[Items from a data source]
________________________________________
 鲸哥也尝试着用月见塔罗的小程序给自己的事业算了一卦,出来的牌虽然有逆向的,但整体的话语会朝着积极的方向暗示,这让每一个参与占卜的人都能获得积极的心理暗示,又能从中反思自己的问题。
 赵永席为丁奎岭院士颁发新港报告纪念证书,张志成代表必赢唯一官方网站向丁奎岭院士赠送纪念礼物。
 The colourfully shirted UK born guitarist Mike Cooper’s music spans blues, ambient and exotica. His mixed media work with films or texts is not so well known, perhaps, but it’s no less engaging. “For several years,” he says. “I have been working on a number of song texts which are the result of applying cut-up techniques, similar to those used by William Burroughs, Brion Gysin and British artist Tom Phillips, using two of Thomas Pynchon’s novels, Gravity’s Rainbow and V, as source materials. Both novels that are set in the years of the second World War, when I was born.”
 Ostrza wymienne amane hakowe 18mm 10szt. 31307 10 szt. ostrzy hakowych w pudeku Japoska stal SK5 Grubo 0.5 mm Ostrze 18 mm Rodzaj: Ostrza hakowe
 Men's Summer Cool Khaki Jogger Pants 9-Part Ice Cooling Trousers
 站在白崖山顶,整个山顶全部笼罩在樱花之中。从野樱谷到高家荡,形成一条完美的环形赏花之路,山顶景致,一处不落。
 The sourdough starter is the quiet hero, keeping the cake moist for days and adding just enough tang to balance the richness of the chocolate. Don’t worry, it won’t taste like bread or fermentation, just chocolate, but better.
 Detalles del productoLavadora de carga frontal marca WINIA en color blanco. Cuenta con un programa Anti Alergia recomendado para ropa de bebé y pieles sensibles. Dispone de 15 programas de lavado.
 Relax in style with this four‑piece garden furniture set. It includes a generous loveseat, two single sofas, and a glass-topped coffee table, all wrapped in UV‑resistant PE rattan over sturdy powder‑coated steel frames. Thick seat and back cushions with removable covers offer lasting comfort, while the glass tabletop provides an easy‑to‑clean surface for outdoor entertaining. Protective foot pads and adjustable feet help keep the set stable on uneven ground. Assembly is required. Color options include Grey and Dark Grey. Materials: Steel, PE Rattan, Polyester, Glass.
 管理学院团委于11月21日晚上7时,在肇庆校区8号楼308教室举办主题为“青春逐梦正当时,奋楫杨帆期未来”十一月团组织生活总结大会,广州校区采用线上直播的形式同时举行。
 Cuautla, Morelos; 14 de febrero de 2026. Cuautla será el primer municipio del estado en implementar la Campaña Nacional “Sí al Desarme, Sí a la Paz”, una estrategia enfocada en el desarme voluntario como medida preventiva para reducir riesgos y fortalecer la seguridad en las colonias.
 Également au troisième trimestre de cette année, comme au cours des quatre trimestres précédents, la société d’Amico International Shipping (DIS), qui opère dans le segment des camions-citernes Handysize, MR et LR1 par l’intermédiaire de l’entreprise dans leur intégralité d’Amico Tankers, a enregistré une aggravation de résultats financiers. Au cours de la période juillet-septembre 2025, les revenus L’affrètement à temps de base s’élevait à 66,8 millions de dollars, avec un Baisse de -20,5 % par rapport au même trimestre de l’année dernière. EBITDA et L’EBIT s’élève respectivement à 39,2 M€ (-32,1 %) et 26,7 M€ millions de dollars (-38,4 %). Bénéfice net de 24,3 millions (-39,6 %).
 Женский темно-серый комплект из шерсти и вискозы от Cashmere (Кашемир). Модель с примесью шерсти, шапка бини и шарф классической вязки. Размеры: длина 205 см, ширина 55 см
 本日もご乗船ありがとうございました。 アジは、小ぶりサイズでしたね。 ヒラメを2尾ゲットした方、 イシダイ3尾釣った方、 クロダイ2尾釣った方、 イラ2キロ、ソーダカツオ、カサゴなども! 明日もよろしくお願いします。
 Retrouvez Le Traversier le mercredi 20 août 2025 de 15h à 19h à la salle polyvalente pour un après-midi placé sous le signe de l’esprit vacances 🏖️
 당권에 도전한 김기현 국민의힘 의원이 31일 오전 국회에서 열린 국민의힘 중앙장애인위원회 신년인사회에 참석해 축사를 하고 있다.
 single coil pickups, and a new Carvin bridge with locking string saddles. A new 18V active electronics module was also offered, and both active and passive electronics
________________________________________
### DIRECTIONS FOR THIS TASK
Whenever a line in the records above contains the string "para", copy that line.

### EXERCISE SOLUTION
 Detalles del productoLavadora de carga frontal marca WINIA en color blanco. Cuenta con un programa Anti Alergia recomendado para ropa de bebé y pieles sensibles. Dispone de 15 programas de lavado.
 Cuautla, Morelos; 14 de febrero de 2026. Cuautla será el primer municipio del estado en implementar la Campaña Nacional “Sí al Desarme, Sí a la Paz”, una estrategia enfocada en el desarme voluntario como medida preventiva para reducir riesgos y fortalecer la seguridad en las colonias.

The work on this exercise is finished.